Chip-maker Impinj pulls IPO, raises $21M privately
By Drew DeSilver
Seattle Times business reporter
Seattle-based Impinj formally pulled the plug on its dormant initial public offering Thursday, opting instead to raise a smaller amount of money privately.
The company, which makes chips for ultra-high-frequency radio ID tags, had hoped to raise as much as $100 million when it first filed for its IPO in April 2011.
But there had been no visible activity on the deal for more than a year. Impinj never even got around to specifying how much it wanted to raise or setting a price range for its shares.
Instead, according to a company statement and a Securities and Exchange Commission filing Thursday, Impinj raised $21.65 million this month from three dozen investors, including all of its biggest current owners.
The company plans to raise another $3 million or so by mid-August, Chief Financial Officer Evan Fein said in an interview, and retains the ability to raise a similar amount down the road.
"This equity funding is a strong endorsement by existing investors of Impinj's leading role in the RFID industry," Tom Alberg, managing director of Seattle's Madrona Venture Group, said in the statement. "We expect accelerating growth for Impinj and the industry with the use of RFID expanding into mainstream applications such as consumer products."
Madrona owned 13.6 percent of Impinj as of the latest draft IPO prospectus in July 2011. It and three other venture-capital firms owned about 53 percent of the company at that time.

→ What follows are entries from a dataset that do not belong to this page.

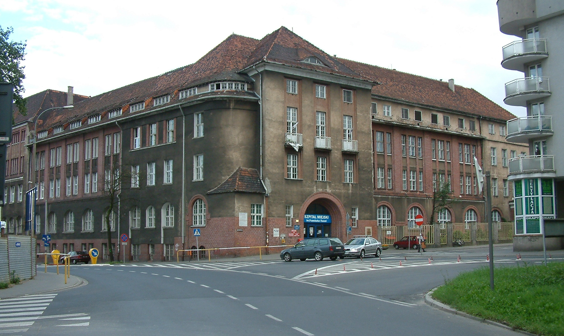 Raszeja Hospital in Poznań.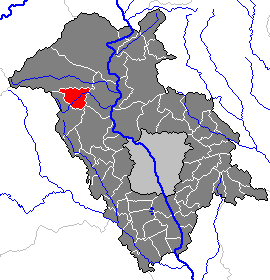 This map shows the area of the Gemeinde (municipality) Großstübing in the Bezirk (district) Graz-Umgebung, Styria, Austria.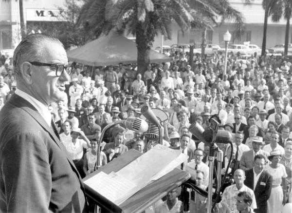 Local call number: RC19363 Title: Lyndon B. Johnson speaking at Hemming Park: Jacksonville, Florida Date: October 1960 Physical descrip: 1 photoprint - b&w - 8 x 10 in. Series Title: Repository: 500 S. Bronough St., Tallahassee, FL 32399-0250 USA. Contact: 850.245.6700. Persistent URL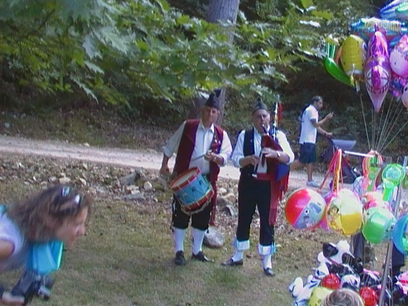 Ramón el tamboriteru y Maximino'l gaiteru, miembros de l'Asociación de la Canción y el Folclor Valle del Nalón nel Día d'Asturies n'Amieva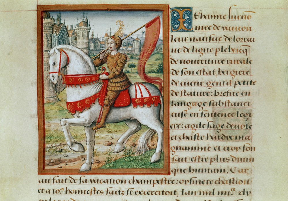 Joan of Arc depicted on horseback in an illustration from a 1504 manuscript.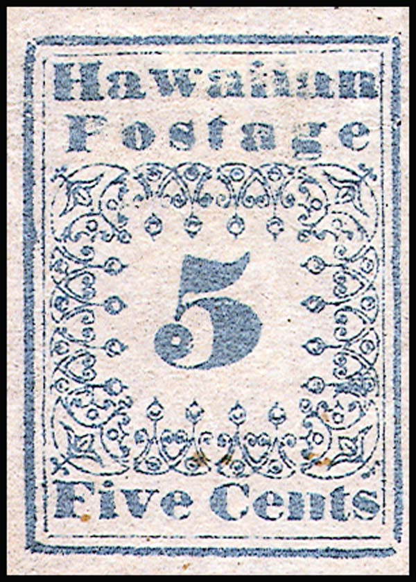 Stamp of Hawaii, 5 c., 1851

Intel owned 6.6 percent, co-founder and Chairman Chris Diorio 10.2 percent, and CEO William Colleran 5.1 percent, according to the draft.
In its statement, Impinj said it had withdrawn the IPO because the private financing "fulfills the company's capital needs for the foreseeable future."
But, the company added, at some point it intends to file a new IPO application under the provisions of the "Jumpstart Our Business Startups," or JOBS, Act.
That measure, enacted earlier this year, exempts "emerging growth companies" from several requirements of federal securities law.
Under the JOBS Act, eligible companies can delay adopting new or revised accounting standards; disclose less information about executive pay; keep shareholders from voting on pay arrangements; and avoid hiring outside auditors to attest to the effectiveness of their internal controls.
Impinj hasn't disclosed any financial data since the first quarter of 2011, in which it said it had lost $1.8 million on sales of $12.3 million.